I began to ask myself questions about what was causing the inner stress.  In looking for answers and a way to calm the storm, I began to clean. I can’t always make sense of my inner world, but I felt that if I could de-clutter the kitchen table, maybe I would be able to get a glimpse of what was going on inside of me.

When my room was a holy shit show, I would tell myself just one piece of clothing at a time, just one piece of paper at a time. When the kitchen looked like it had thrown up all over itself and dishes were piled up on every surface, I would tell myself, just one dish as time. Breath in and wash. Breath out and dry.

I became aware of how good I felt when I had conquered another surface, or vacuumed another room. When I could sit on the couch because it was no longer cluttered with everything that we owned. The bathroom has always been my favorite place to clean. It is the one area of my home that I make an effort to clean a couple times a week, but now I was even concerned with picking up towels on the floor, putting things in cabinets and keeping the counter space clear.

The more I cleared my space of clutter, the clearer my internal space became. The more I became calm,  the more able I was to focus on breath and meditation and self-study. The intrinsically yogic principles.
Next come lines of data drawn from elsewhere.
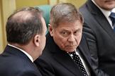 Заседание Совета Федерации (СФ) России. Представитель в СФ России от исполнительного органа государственной власти Белгородской области Николай Рыжков (справа) и представитель в СФ России от законодательного (представительного) органа государственной власти Белгородской области Иван Кулабухов (слева) перед началом заседания.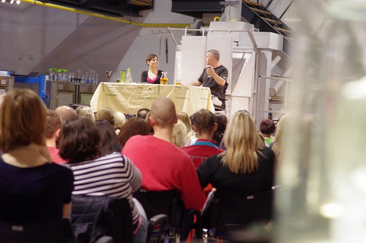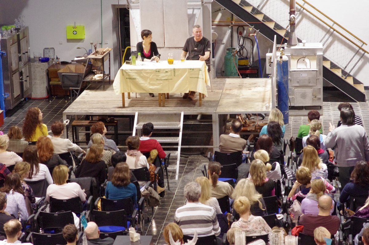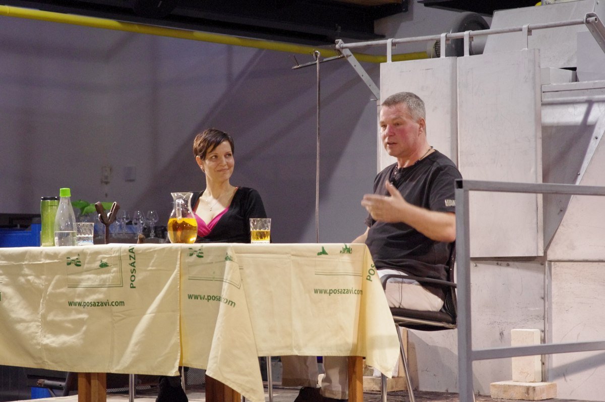 Sotva jsme začali, zazlobila nás technika. Předem nastavené mikrofony nebyly slyšet, za to byla slyšet sklářská huť za mými a Vladimírovými zády. Ta nám dala! Zvukově jsme ji nakonec udolali s pomocí jiného mikrofonu. Ale ta výheň! Ta nás rozpálila do ruda, jak můžete vidět na společné fotce. A teď už krátce o akci.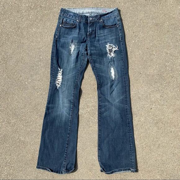 Cowgirl Tuff Co “Diva” boot cut jeans. Factory distressed with rhinestones peeking through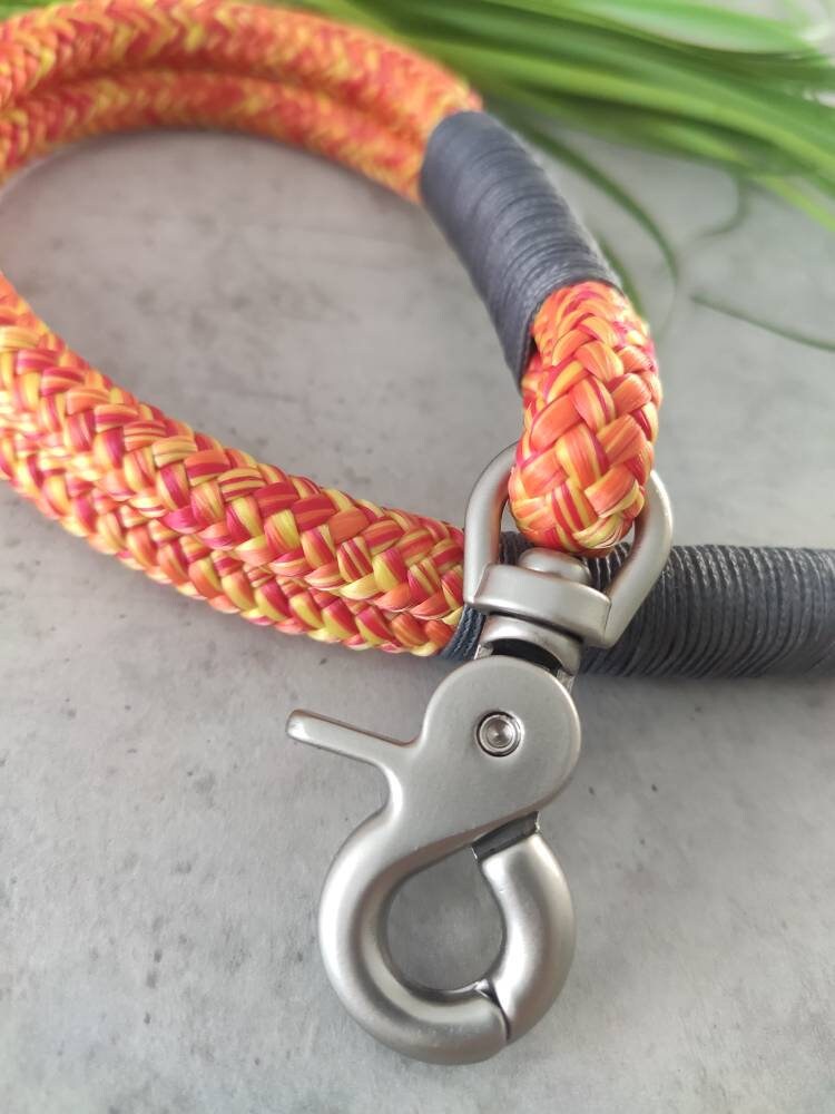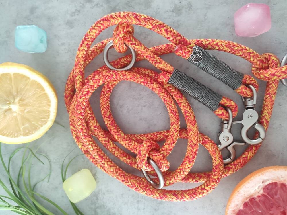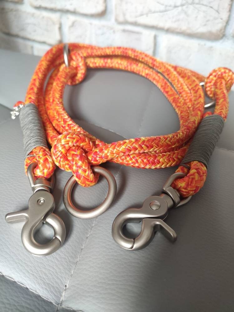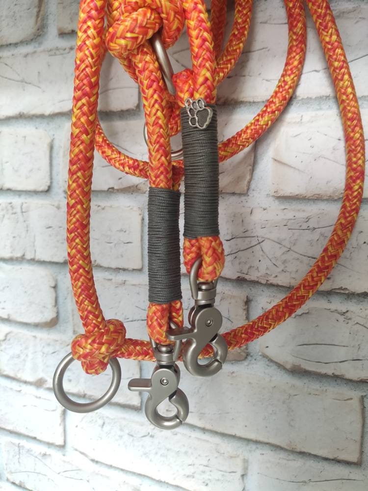 Das Set besteht aus Leine und Halsband aus Tauseil. Tau ist schön leicht und bietet dir und deinem Hund ein angenehmes Tragegefühl. Die dargestellte Leine ist 2,20 m - 2,30 m lang und lässt sich 3fach verstellen:
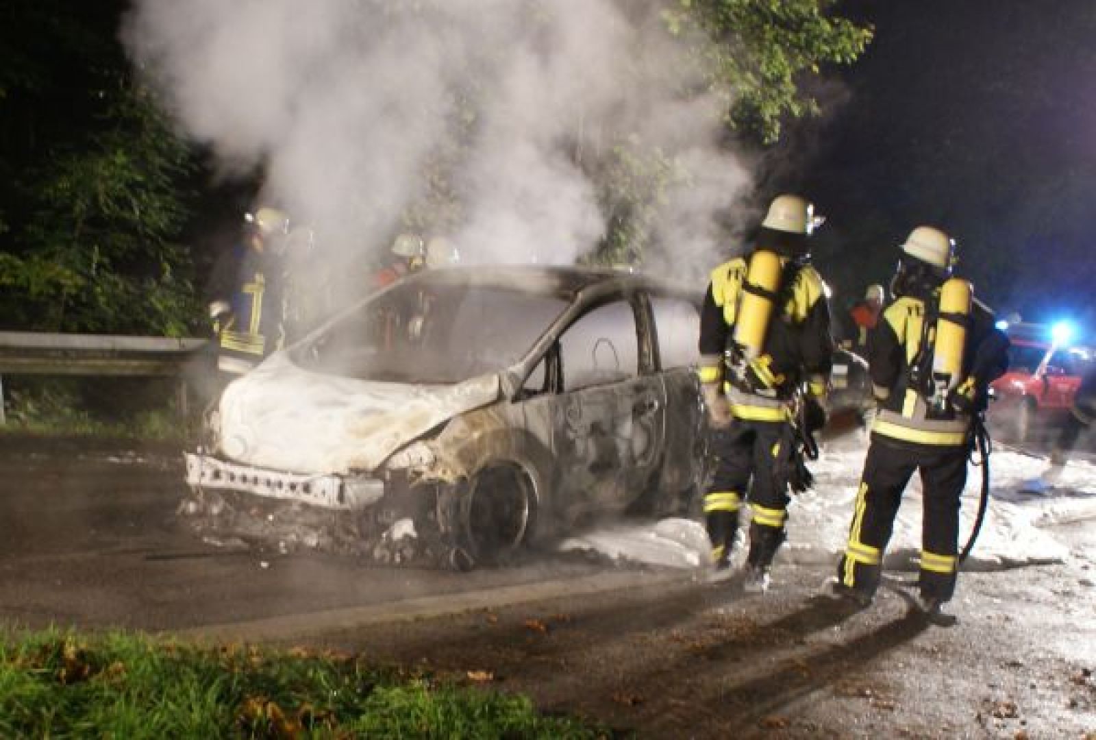 Pkw geriet heute Nacht während der Fahrt zwischen Meihern und St. Gregor in Flammen. Verletzt wurde niemand.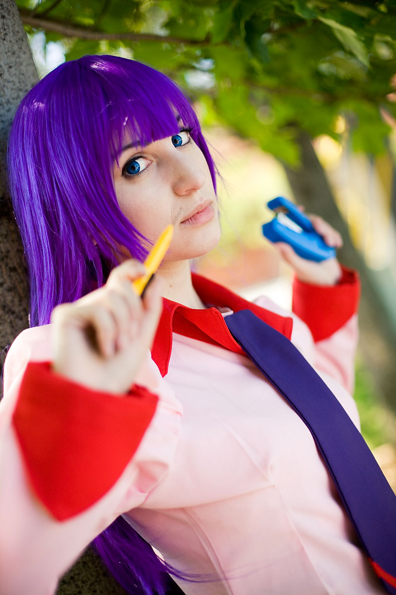 When all you have is lemons, you make lemonade, and when all this character has is office supplies, apparently she uses them as deadly weapons. Or at least, she seems to have them in ready supply for this shoot. Hey, it gives this office-dweller hope that I can defend myself when the zombie uprising begins...

Now my son is back in school. I can return to my physical practice. However I find that the time I give to cleaning, actually helps me to focus more intently on my physical practice and on my breathing and meditation practice. It’s interesting that some say “cleanliness is next to godliness”, and that yoga teaches us to find the divine within. As I have focused more on the cleanliness of my environment, I have been able to find more space for contemplation, which in turn has led me to a deeper spiritual awareness of God/ Divinity/Universe (or whatever else you would like to call it).  I have been led into a deeper awakening through the practice of cleaning.